A thing that you would have to ask a neurologist is how one tells the difference between very early RRMS and CIS. My second symptom would not show up until 2011, my diagnosis year, a full 7 years after the initial sensation deficit. This is an extremely common length of time from first symptom to second exacerbation. RRMS, as the name implies, is characterized by time during which the body does more damage to the nervous system alternating with time in which the body is not doing more damage. It is of very little use to know specifically (one can’t just think to their self “stop attacking your myelin, yo”). In my experience, the body takes some time with how it is going to sort out a new round of damage, so the active disease time (deteriorating time, I suppose) feels longer as you lose this or that and feel a symptom getting more prevalent. As I mentioned, my primary diagnosing symptom was a condition called “drop foot” in my left foot (drop foot is a symptom frequently experienced by stroke victims). In my case, as is fairly common, heat and physical effort will cause a symptom to become more prominent. Working at a job that required some amount of activity and physical effort at the time, the fact that my left toe would frequently get caught in the ground mid-step was… inconvenient.

Initially, I sought care from a chiropractor, thinking it might have been based in the muscles somehow. She attempted several things, none of which worked. Coincidentally, she happened to have MS, so she identified my symptom as a potential expression of MS and suggested I see her neurologist. I scoffed at the idea, but followed through with an appointment, and the rest is history. I’ll touch on this in the near future when I discuss disease treatments.

RRMS, if left to itself to run rampant, can shift into Secondary Progressive MS. It is kind of what it sounds like… the body begins to do continual damage to itself, and the physical condition of the person will exhibit a steady decline. PPMS (without the RRMS step) and SPMS are likely the forms and outcomes that you pictured when you heard the term MS. Wheelchairs and terminal episodes are more closely related to these tracks.

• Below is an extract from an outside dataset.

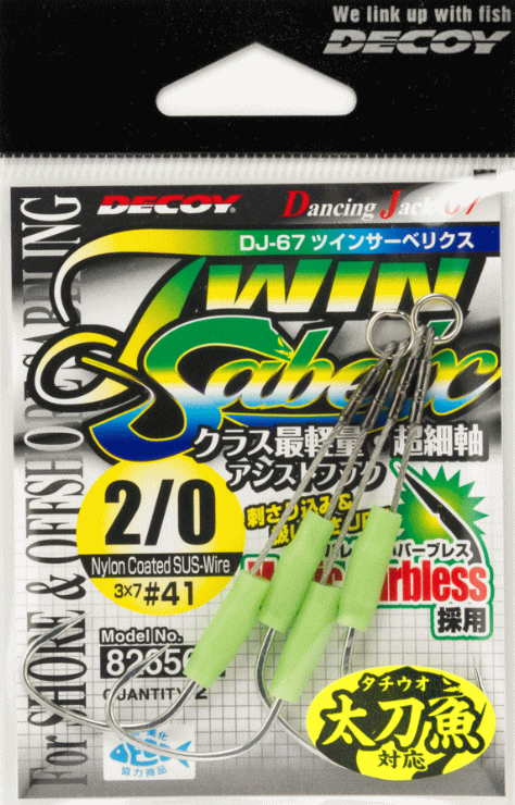 カツイチ DECOY Twin Sabelx 太刀魚 タチウオ サーベリング メタルジグ ルアー アシスト フック バーブレス並の貫通力と、ストッパーによるキープ力を両立するマジックバーブレス採用の「AS-07 サーベリクス」を使用。鋭い歯に切られる心配のないワイヤーを使用し、フックを段差にセッティングした太刀魚ジギング特化型アシストフックです。チモトに夜光チューブを配し、効果的に太刀魚のバイトを捕らえ、船上でのフックリリースも容易にすることで数釣り・大型狙いの両方が楽しめるサーベリング専用アシストフックです。 入数:2 |

It is going to feel as though I am glossing over the progressive forms of this disease… and frankly I am. When I discuss drug therapies, you may see why. At this point, there is little reason to familiarize myself with any specific “worst-case” scenario… well, that and the fact that the PPMS boat has long since sailed. Thankfully. At any rate, come back tomorrow and read about my treatment history and how I came to be in the literal very best place that I can be at this point. It’s a little more interesting than you might think. Actually, the most interesting part is a stand-alone post of its own… but it still will be interesting. Thanks for coming by and reading, and apologies if you have come by looking for more explanation of the progressive forms of this disease. It’s a little by design. As humans we don’t like looking disability in the face. I’ll explain more in the drug post, but until I have to (which is probably never), I won’t look under that stone. I’ll just stay here now and do the best that I can.